Informal sources of microfinance are provided by traditional institutions that work together for the mutual benefits of their members. These institutions provide saving and credit services to their client. The informal/traditional microfinance institutions operate under different names in Nigeria, for instance

„esusu‟ among the Yorubas, „etoto‟ for the Igbos and „adashi‟ for the Hausas.

The key features of these schemes are savings and credit components, informality of operations and higher interest rates are prevalent. The informal associations that operate traditional microfinance in various names and forms are found in all the rural communities in Nigeria, they also operate in the urban centres. Members of this group include individuals, friends, relatives, shopkeepers, moneylenders, landlords, cooperatives and leasing associations.

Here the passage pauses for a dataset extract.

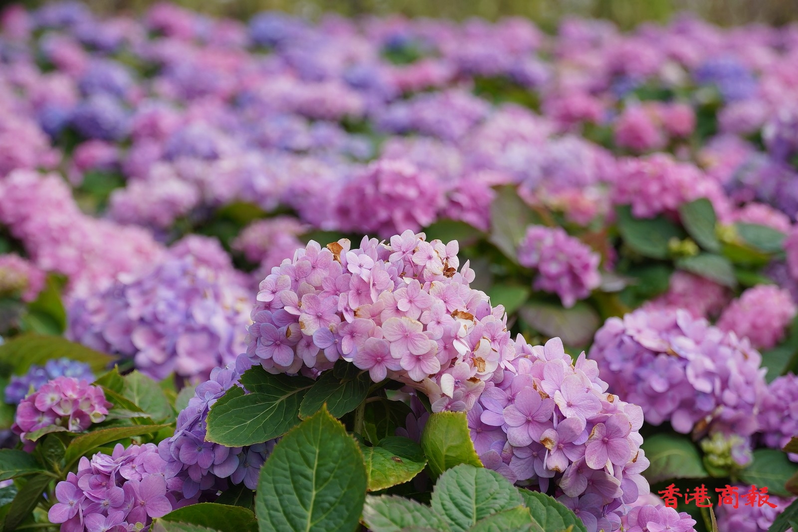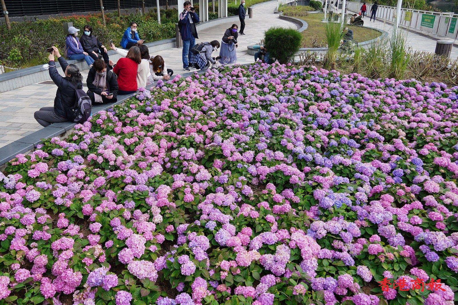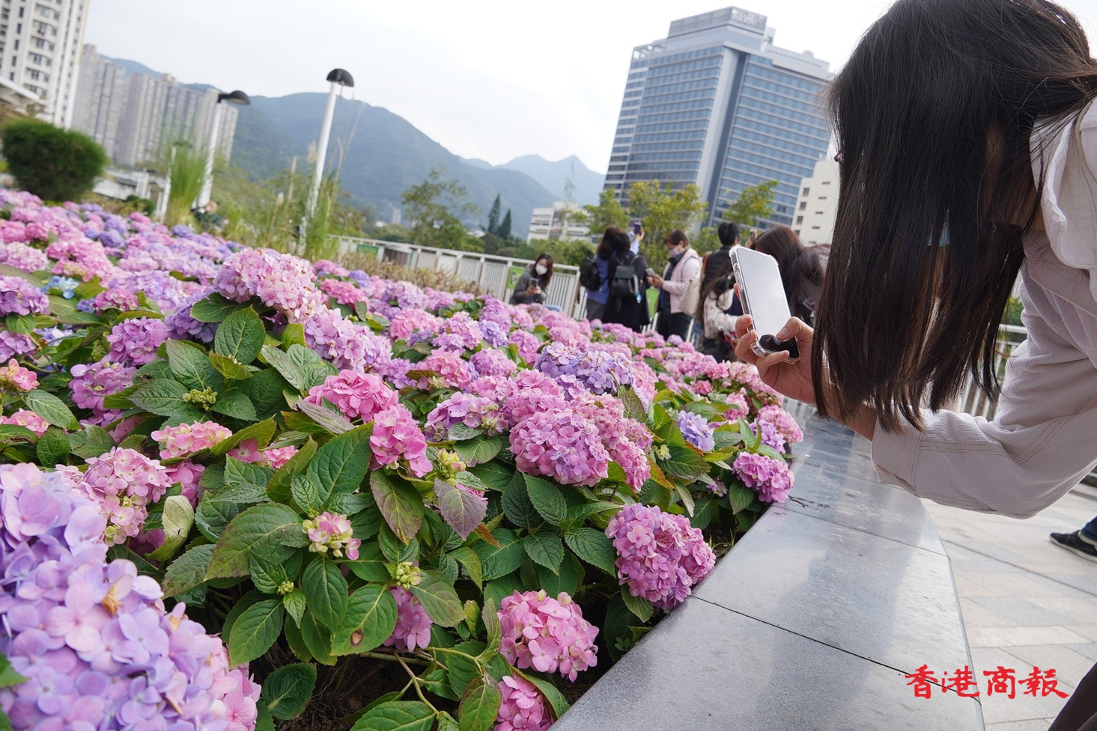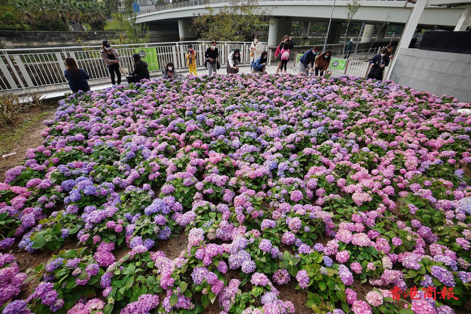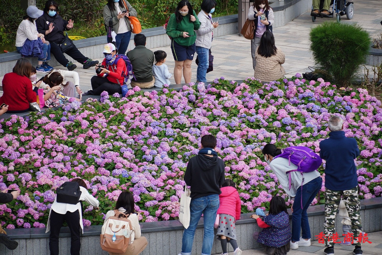上周剛過二十四節氣之一春分,全港各區生氣洋溢,處處都是「小桃源」。鄰近沙田小瀝源碩門邨的石門河濱花園,有一小花圃栽種着滿滿的繡球花,色彩繽紛,形成春天獨有景象。花圃雖小,但因交通方便,從港鐵石門站B出口步行約五分鐘便可抵達,在色彩繽紛的繡球花展現新姿之下,吸引了不少市民來觀賞打卡。 (記者 俊文攝)

Formal microfinance suppliers are licensed, supervised and regulated by Central Bank of Nigeria to operate as financial institutions. Their key features include, taking deposits from members of the public and lending the funds to users directly or indirectly singly or in groups. They have complete management structure, specialized manpower and are generally motivated by profit drive. They may be fully owned by public or private institutions or individuals. Members of this group include Nigeria Agricultural Cooperative and Rural Development Bank (NACRDB) (now Bank of Agriculture (BOA)), Microfinance Banks (MFB), commercial banks such as First Bank Plc, Union Bank among others.The source of funds for multipurpose cooperatives is the individual membership monthly contribution, while for the organized microfinance is aid and grants which mainly come from abroad. Major donor organizations are – United Nations Development Programmes (UNDP); Ford Foundation; African Development Foundation (ADF); Community Development Foundation among others. Experiences of other African developing countries like Bangladesh, Malawi, Kenya, Tanzania and Togo in micro financing show similar trends with Nigeria. The successes recorded from these countries are as a result of the adoption of the Grameen Model (moved from micro credit to microfinance, started more individual- based lending).